== Segment start ==
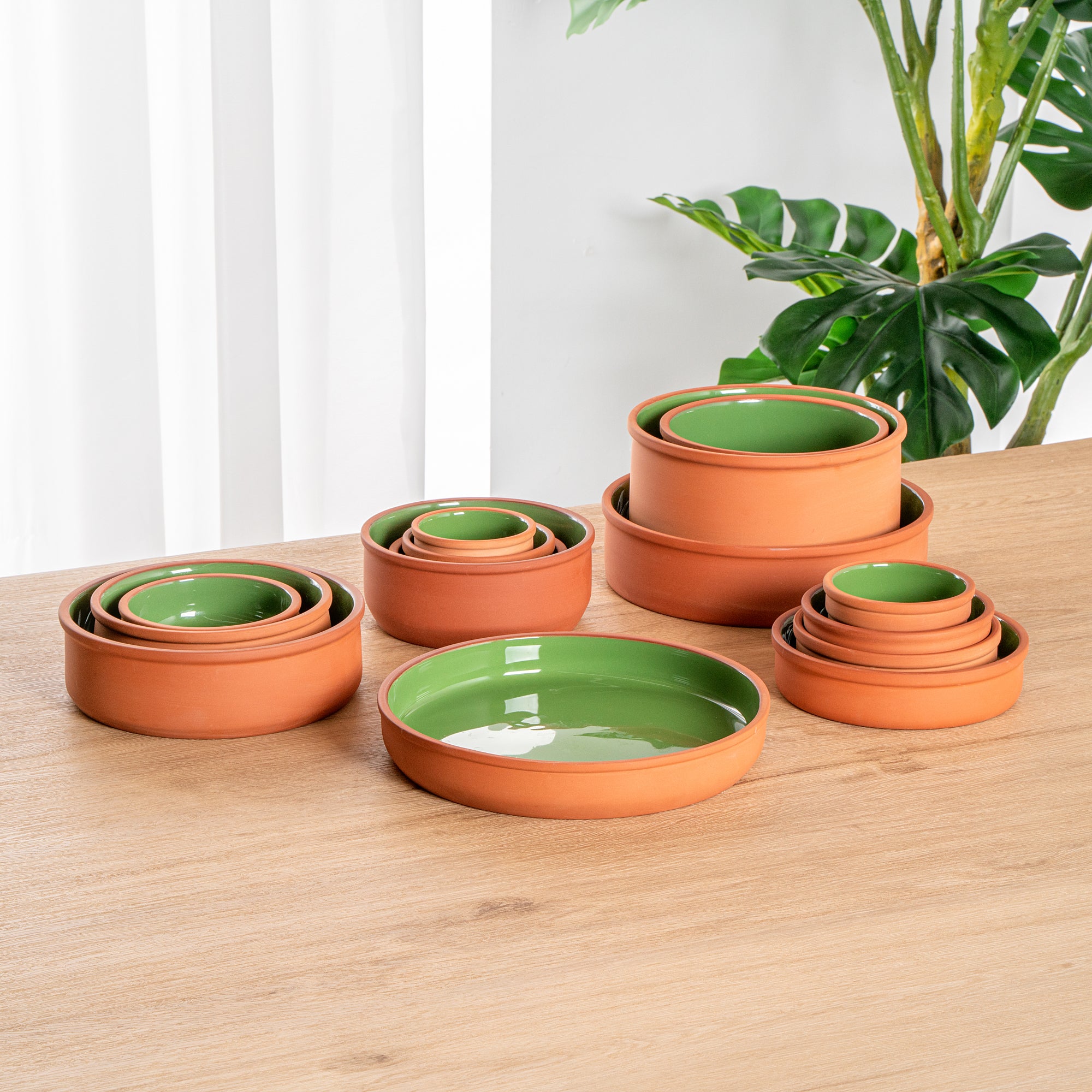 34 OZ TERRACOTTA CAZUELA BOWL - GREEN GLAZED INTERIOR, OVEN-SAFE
== Segment end ==
== Segment start ==
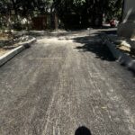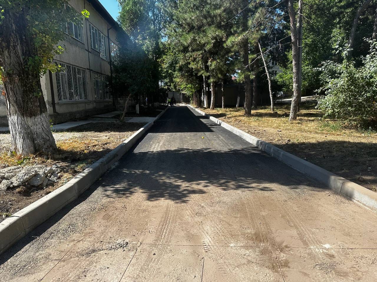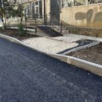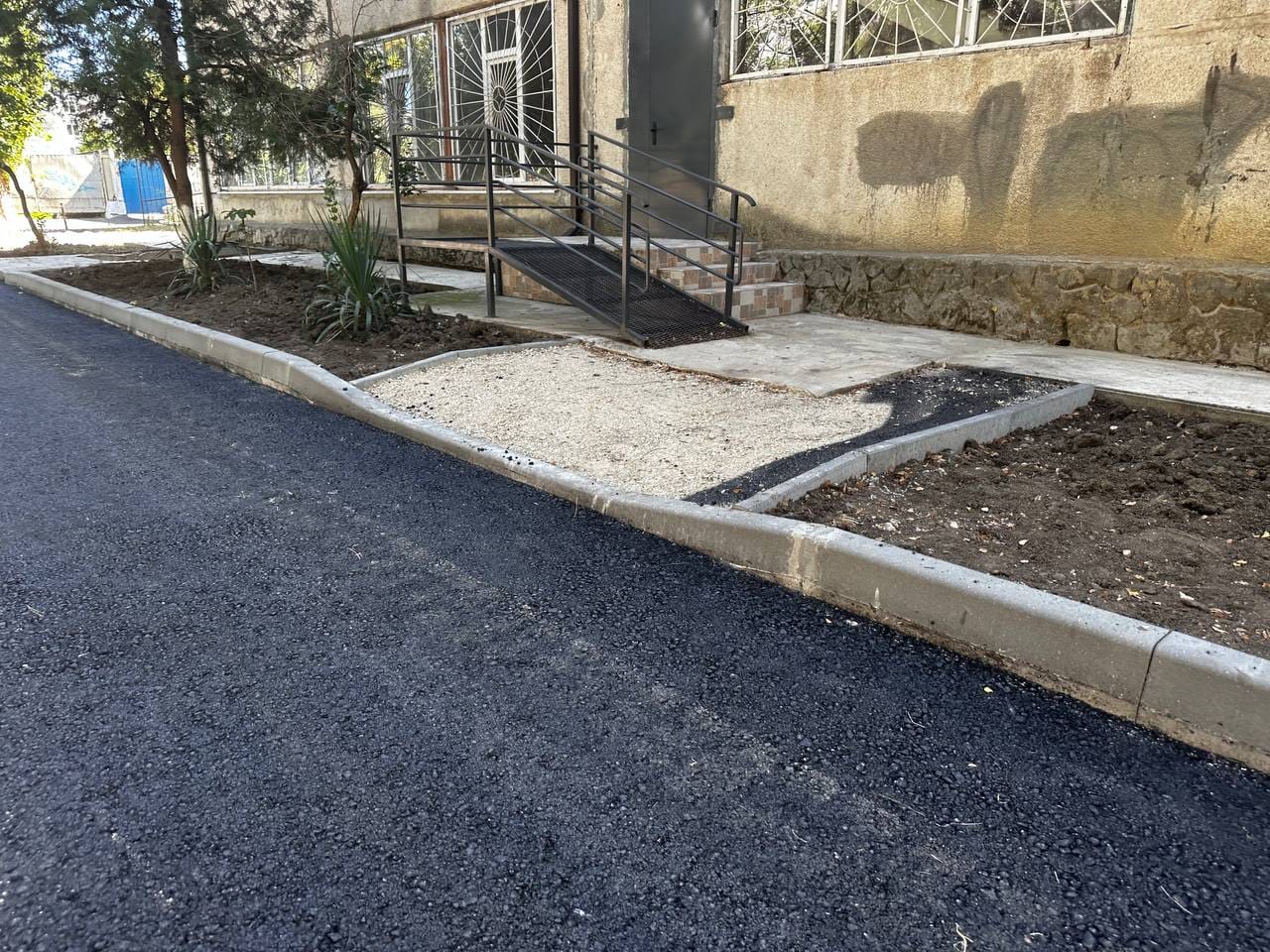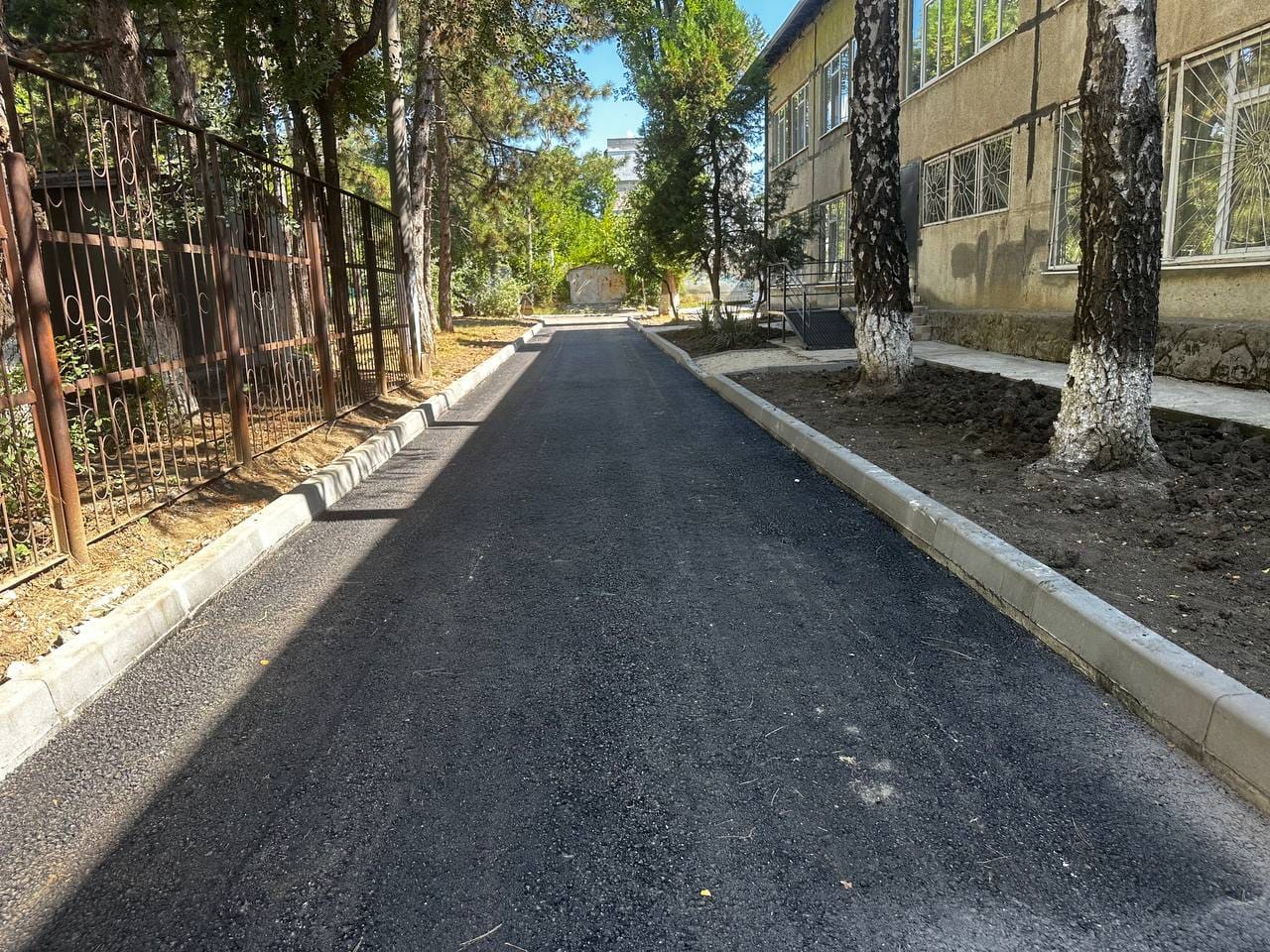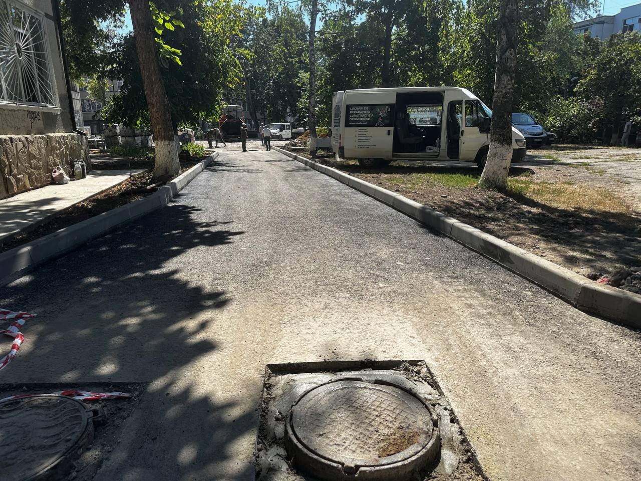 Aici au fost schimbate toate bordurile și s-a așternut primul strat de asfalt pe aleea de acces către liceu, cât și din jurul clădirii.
== Segment end ==
== Segment start ==
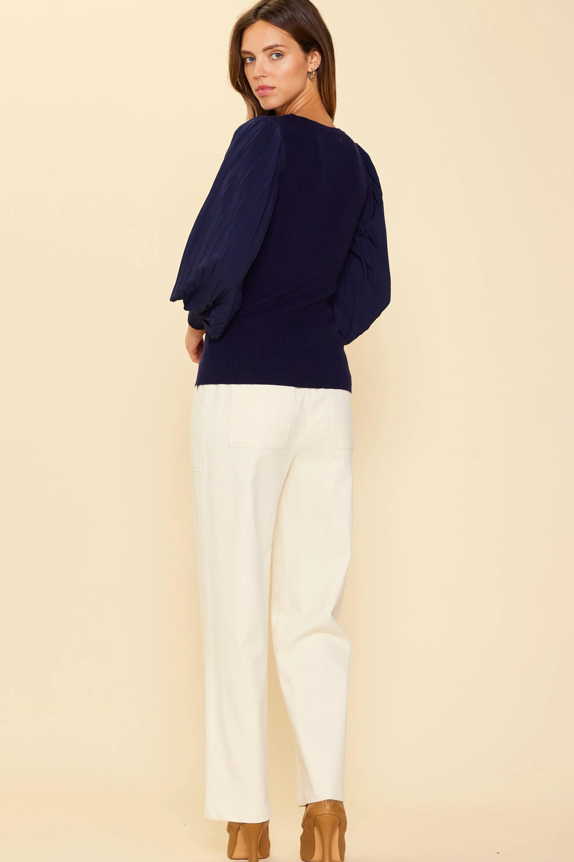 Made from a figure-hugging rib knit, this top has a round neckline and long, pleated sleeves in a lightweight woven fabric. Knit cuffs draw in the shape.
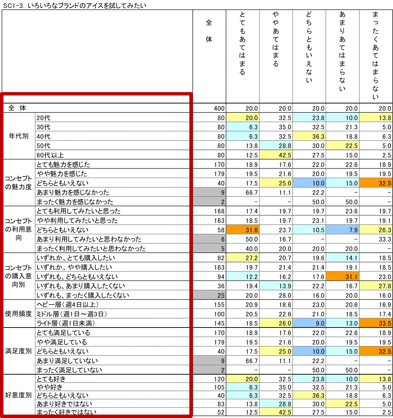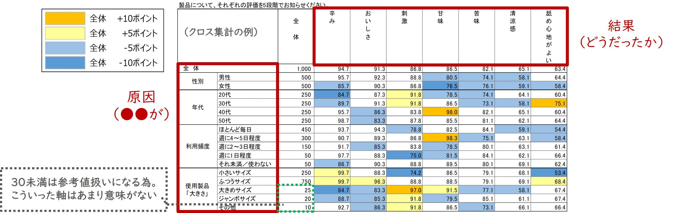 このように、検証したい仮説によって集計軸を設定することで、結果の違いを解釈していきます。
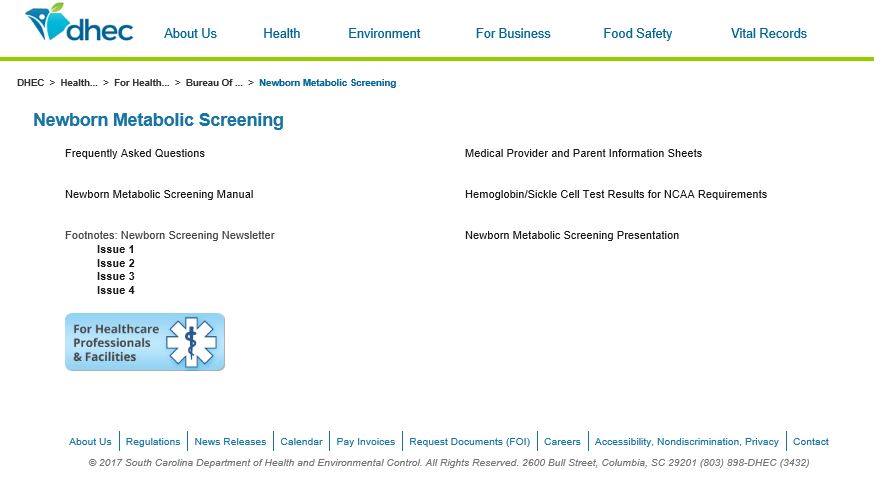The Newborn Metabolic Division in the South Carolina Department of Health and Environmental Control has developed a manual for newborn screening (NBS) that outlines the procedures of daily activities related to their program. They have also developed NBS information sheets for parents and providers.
== Segment end ==
▶ _Exercise goal_: Look above for the line with "このように、検証したい仮説に" and the line with "The Newborn Metabolic"; set down those two lines and all lines between them exactly, without pictures and without anything else.

▶ _Response to the exercise_:
 このように、検証したい仮説によって集計軸を設定することで、結果の違いを解釈していきます。
The Newborn Metabolic Division in the South Carolina Department of Health and Environmental Control has developed a manual for newborn screening (NBS) that outlines the procedures of daily activities related to their program. They have also developed NBS information sheets for parents and providers.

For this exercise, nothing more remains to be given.